RECORDS TO PROCESS:
━━━━━━━━━━━━━━━━━━━━━━━━━━━━━━
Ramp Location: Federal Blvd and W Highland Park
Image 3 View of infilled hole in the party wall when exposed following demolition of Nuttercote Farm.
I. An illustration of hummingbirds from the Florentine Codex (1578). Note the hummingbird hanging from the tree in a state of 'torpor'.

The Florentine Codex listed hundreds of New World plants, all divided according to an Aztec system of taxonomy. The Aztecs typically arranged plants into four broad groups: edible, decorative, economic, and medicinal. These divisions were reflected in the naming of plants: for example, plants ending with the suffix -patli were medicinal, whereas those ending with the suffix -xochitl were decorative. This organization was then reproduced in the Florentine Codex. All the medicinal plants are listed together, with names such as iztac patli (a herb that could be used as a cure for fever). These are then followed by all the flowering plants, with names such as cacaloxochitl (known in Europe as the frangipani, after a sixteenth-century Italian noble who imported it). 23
━━━━━━━━━━━━━━━━━━━━━━━━━━━━━━
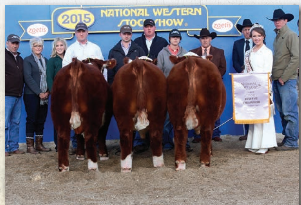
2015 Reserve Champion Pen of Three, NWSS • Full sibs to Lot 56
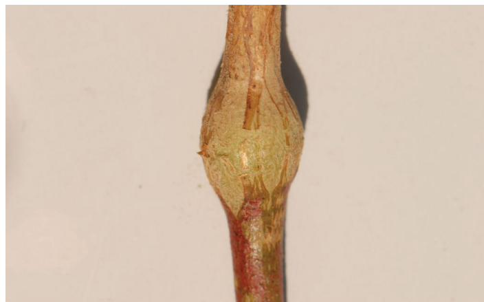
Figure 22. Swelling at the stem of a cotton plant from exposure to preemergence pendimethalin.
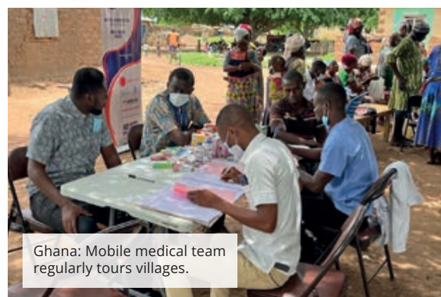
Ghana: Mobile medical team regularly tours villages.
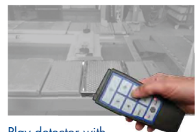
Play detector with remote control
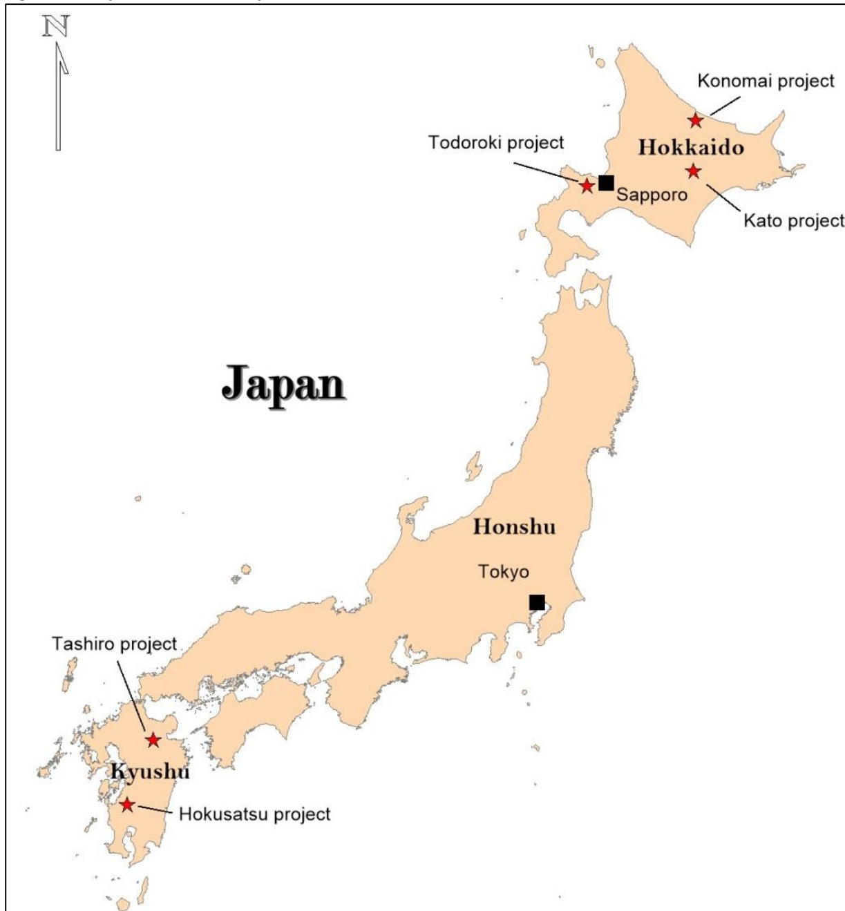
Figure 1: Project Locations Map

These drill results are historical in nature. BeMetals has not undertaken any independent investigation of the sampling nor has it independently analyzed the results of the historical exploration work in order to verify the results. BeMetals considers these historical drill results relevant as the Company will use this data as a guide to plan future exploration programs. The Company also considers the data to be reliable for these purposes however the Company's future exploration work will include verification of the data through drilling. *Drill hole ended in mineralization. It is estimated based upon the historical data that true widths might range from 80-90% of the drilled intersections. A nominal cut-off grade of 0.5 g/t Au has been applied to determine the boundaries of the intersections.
━━━━━━━━━━━━━━━━━━━━━━━━━━━━━━
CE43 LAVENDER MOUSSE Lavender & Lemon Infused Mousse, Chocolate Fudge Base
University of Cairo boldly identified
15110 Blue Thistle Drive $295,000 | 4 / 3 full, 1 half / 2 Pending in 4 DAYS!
━━━━━━━━━━━━━━━━━━━━━━━━━━━━━━
Determine, please, how many lines hold "Figure" in the records, and give that number by itself.

TASK SOLUTION: 2